So, since I live in one state (three hours away) and my mom and sister who is in her late 40s (and still lives at home) are the ones in the same city as my father. However, during all of the times my Dad has been hospitalized, my sister has never took the initiative to go and see him. My mom doesn't drive (major deduction), but thank goodness, there's public transport available in her area as she must go see him everyday b/c my sister works during the day; however, my sister can give Mom a break at night on her way home (mom has to take two buses home). Mom complains that my sister takes the long route home; however, I told Mom to stop being so stubborn and have my older sister drive her and pick her up at night.
My older sister had to be spoken to by my father's best friend (who lost his wife due to a massive heart attack last year) and tell my sister to please stop being fearful of the hospital and to please go and see him. I was there this past summer and helping my Mom get around for 9 days straight while he was in there during the summer.
So, my sister said b/c he was on medication on Saturday, she wasn't going to go and visit him; however, he was alert on Sunday; however, she didn't take the initiative to go and visit him and it burned me up. She is only 3 years older than me and she's been doing this stunt for as long as I can remember. My mom had part of her lung removed in 2009 and she was in the hospital for two weeks and not once did my sister take the initiative to go and see her. I find my sister is being extremely mean and selfish and it makes her look very bad because the word is spreading around town. My sister has this huge fear that b/c we've lost 7 friends/family members in 2012, and these people went into the hospital and never came out, she thinks Dad will be the sameway. I am way beyond angry and I broke down yesterday and sobbed b/c I didn't tell my companion how sick my father has been. Dad has to go through radiation to see if it's cancer - so that's another burden on me to deal with.
I don't like the way the operation is going and I'm trying to get a report each night about Dad but my sister doesn't e-mail me much unless I reach out to her and when I call Mom after 7pm, she doesn't have much time to speak to me b/c she is so tired and then my sister is in her room in her own world.
I am so angry and upset w/my family that I don't feel like bothering with them at this moment.

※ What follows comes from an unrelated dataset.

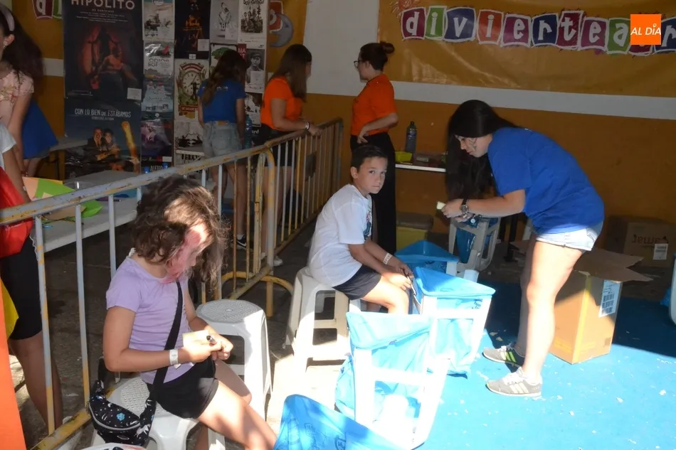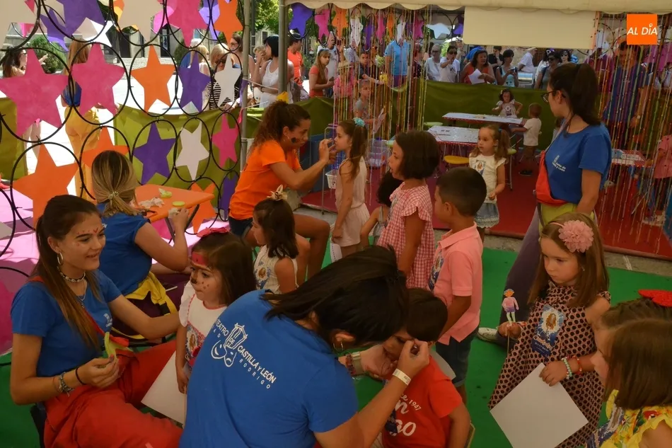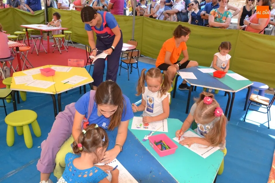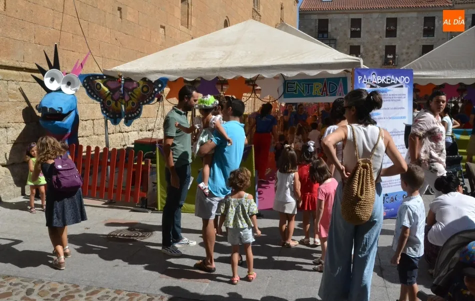 En lo que respecta al Palabreando, donde los niños tienen una mayor supervisión de sus progenitores desde el exterior, este año se ha vuelto a contar con varias zonas por las que han ido pasando los chavales de forma ordenada (el recorrido en total duraba unos 45 minutos-1 horas), contándose con juegos de bienvenida, canciones, cuentacuentos con Pilar Borrego, un taller de pintura plástica y otro de maquillaje, para irse con la cara pintada.

I do try and get through to my father; however, he can't stay on the phone long just in case his roommate's family is trying to call.

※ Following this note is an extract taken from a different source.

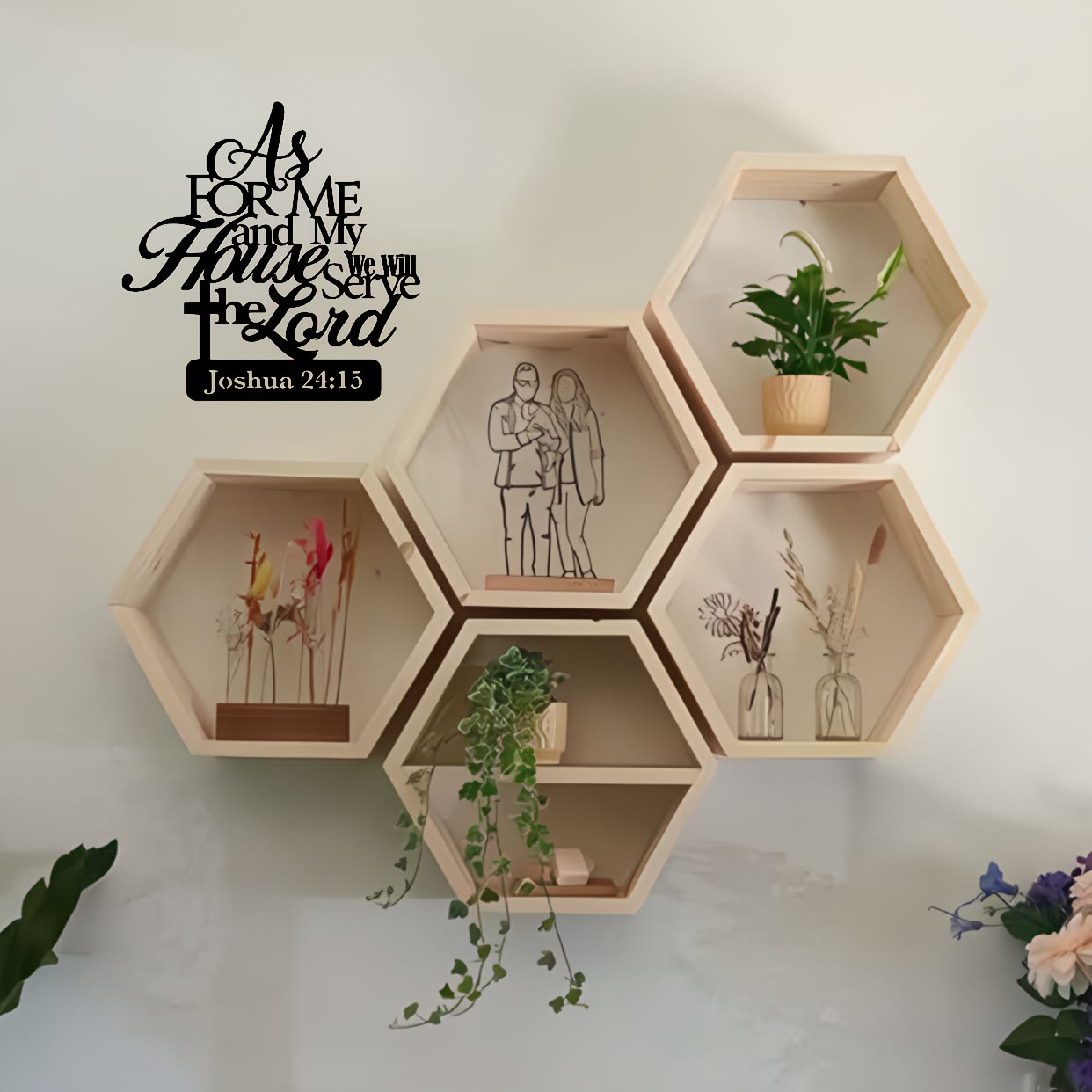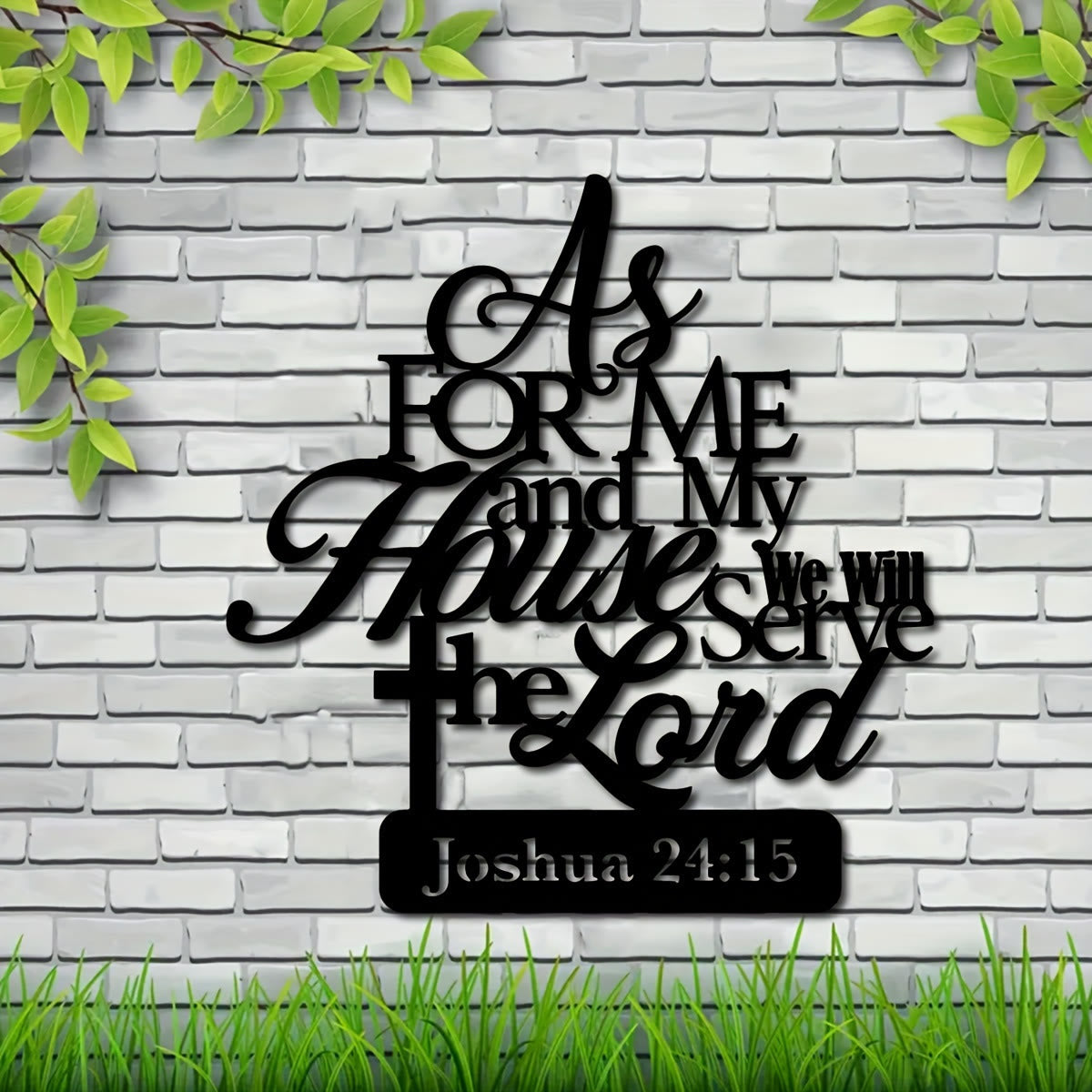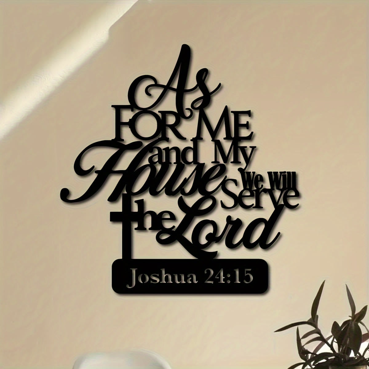 Der fließende Vers „Ich aber und mein Haus, wir wollen dem Herrn dienen“ (Josua 24,15) verkündet ein Versprechen für die ganze Familie. Der Kreuzsockel symbolisiert Christus als unser Fundament, während die übereinanderliegenden Buchstaben die Familie unter einem gemeinsamen Bekenntnis des Glaubens und des Gehorsams vereinen. - Sorgfältige Handwerkskunst, dauerhafte Schönheit

I don't know what to do at this moment, but I have been in tears for the past two days and I wish I could find a way to have my sister stop being so selfish and thoughtless and for my mother to accept Tracy picking her up everynight from her visits to my father.
I asked my sister one time if she were the one very ill in the hospital, how would she feel if Dad never came to see her - Dad would be made to be a very selfish and unkind man.

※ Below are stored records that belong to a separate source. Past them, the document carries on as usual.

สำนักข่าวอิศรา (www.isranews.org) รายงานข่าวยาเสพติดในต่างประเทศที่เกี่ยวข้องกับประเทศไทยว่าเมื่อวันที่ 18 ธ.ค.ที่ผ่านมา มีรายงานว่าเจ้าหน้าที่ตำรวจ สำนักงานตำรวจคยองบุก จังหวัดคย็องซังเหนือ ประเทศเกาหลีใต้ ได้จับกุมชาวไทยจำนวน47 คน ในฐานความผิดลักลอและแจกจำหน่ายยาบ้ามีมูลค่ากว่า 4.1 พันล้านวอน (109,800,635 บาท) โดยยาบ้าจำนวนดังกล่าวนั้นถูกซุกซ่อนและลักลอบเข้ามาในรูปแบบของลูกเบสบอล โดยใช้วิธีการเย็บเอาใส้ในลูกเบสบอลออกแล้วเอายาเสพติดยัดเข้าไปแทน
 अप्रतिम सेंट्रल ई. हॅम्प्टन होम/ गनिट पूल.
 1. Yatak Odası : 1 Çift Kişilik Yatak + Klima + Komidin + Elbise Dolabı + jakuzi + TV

My sister helps Mom with the housecleaning and getting groceries and stuff; however, Mom is still making her lunches for work (my sister is in her late 40's - this is ridiculous and my sister pays Mom for her "services"). Isn't it about time that my sister moves out of the house?
This is a huge mess and there's nothing I can about it because I'm in another state, but I remember this happened to my late grandfather. He got very ill (he was 89 at the time) and lived 12 hours away by car from us. He had 4 sons and a daughter plus over 20 grandchildren who were over the age of 20 in the same area but no one was helping out. My mom had just retired and spent three months in his town caring for him - that was a mean thing her siblings did - it's the same thing all over again.
Can someone please read this and provide advice? Thank you.